DATASET RECORDS section start

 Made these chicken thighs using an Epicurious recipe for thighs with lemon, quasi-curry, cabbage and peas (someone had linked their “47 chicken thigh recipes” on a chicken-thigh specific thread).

DATASET RECORDS section end
DATASET RECORDS section start

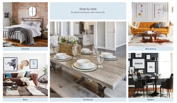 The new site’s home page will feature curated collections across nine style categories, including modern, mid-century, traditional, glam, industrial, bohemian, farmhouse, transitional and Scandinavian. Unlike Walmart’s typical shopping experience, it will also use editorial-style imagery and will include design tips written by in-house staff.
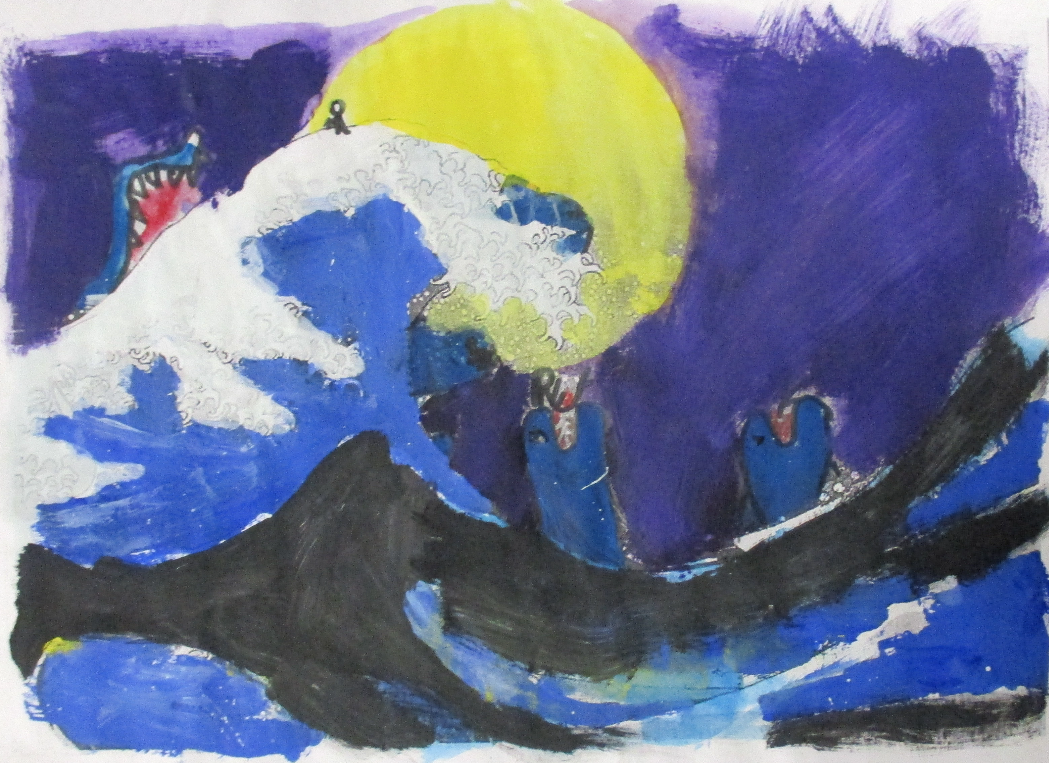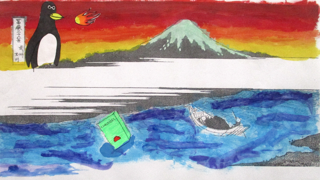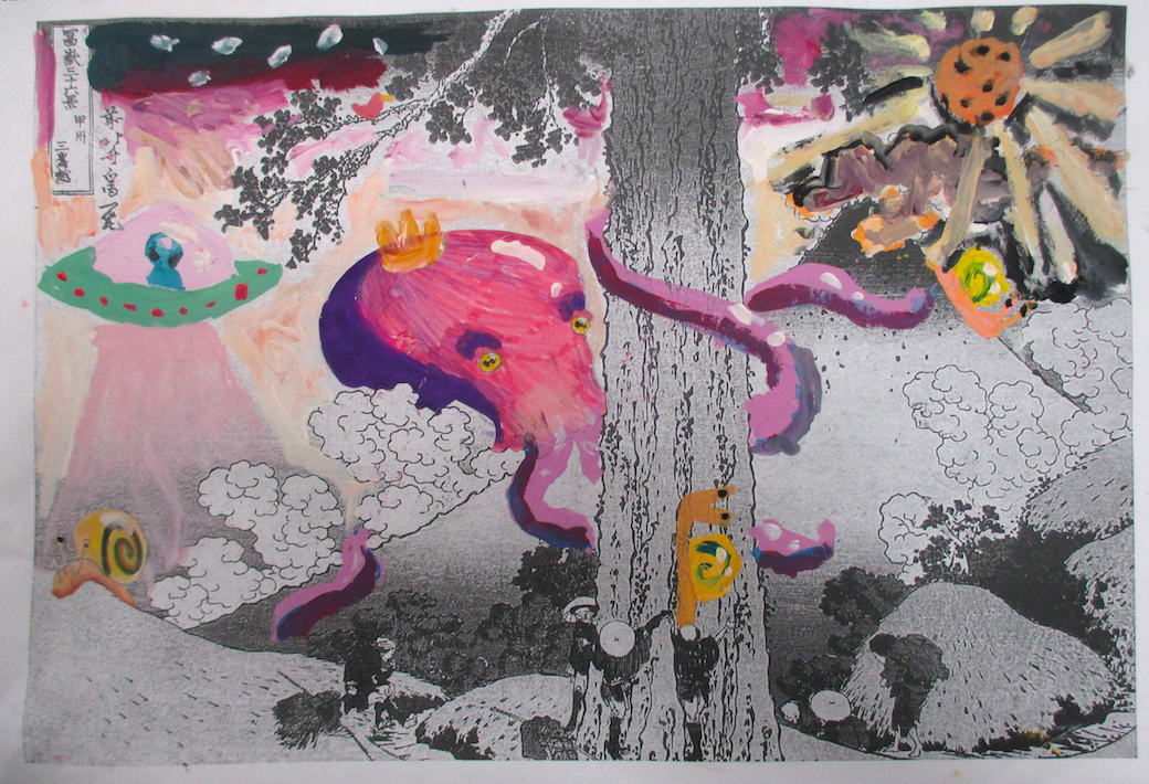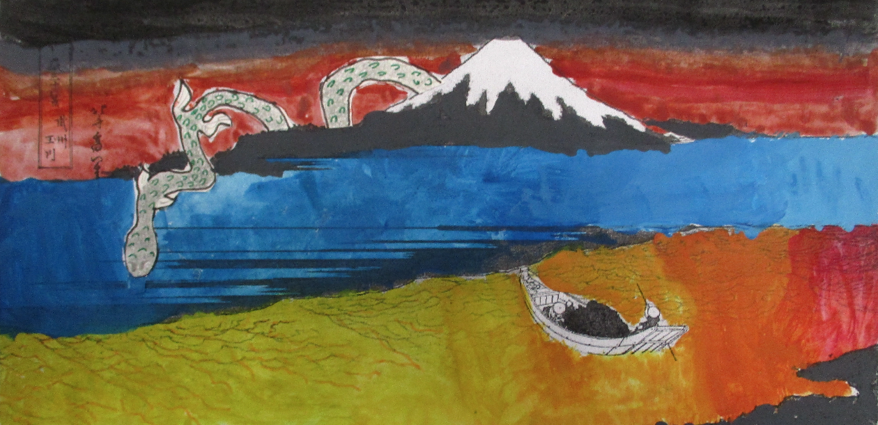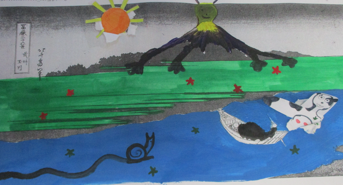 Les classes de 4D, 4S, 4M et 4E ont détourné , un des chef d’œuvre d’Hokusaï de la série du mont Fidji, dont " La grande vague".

DATASET RECORDS section end

_INSTRUCTIONS TO FOLLOW_
After locating the line containing "The new site’s" in the entries above, return it and every line after it exactly, ending at the line containing "Les classes de", without pictures.

_REPLY_
 The new site’s home page will feature curated collections across nine style categories, including modern, mid-century, traditional, glam, industrial, bohemian, farmhouse, transitional and Scandinavian. Unlike Walmart’s typical shopping experience, it will also use editorial-style imagery and will include design tips written by in-house staff.
 Les classes de 4D, 4S, 4M et 4E ont détourné , un des chef d’œuvre d’Hokusaï de la série du mont Fidji, dont " La grande vague".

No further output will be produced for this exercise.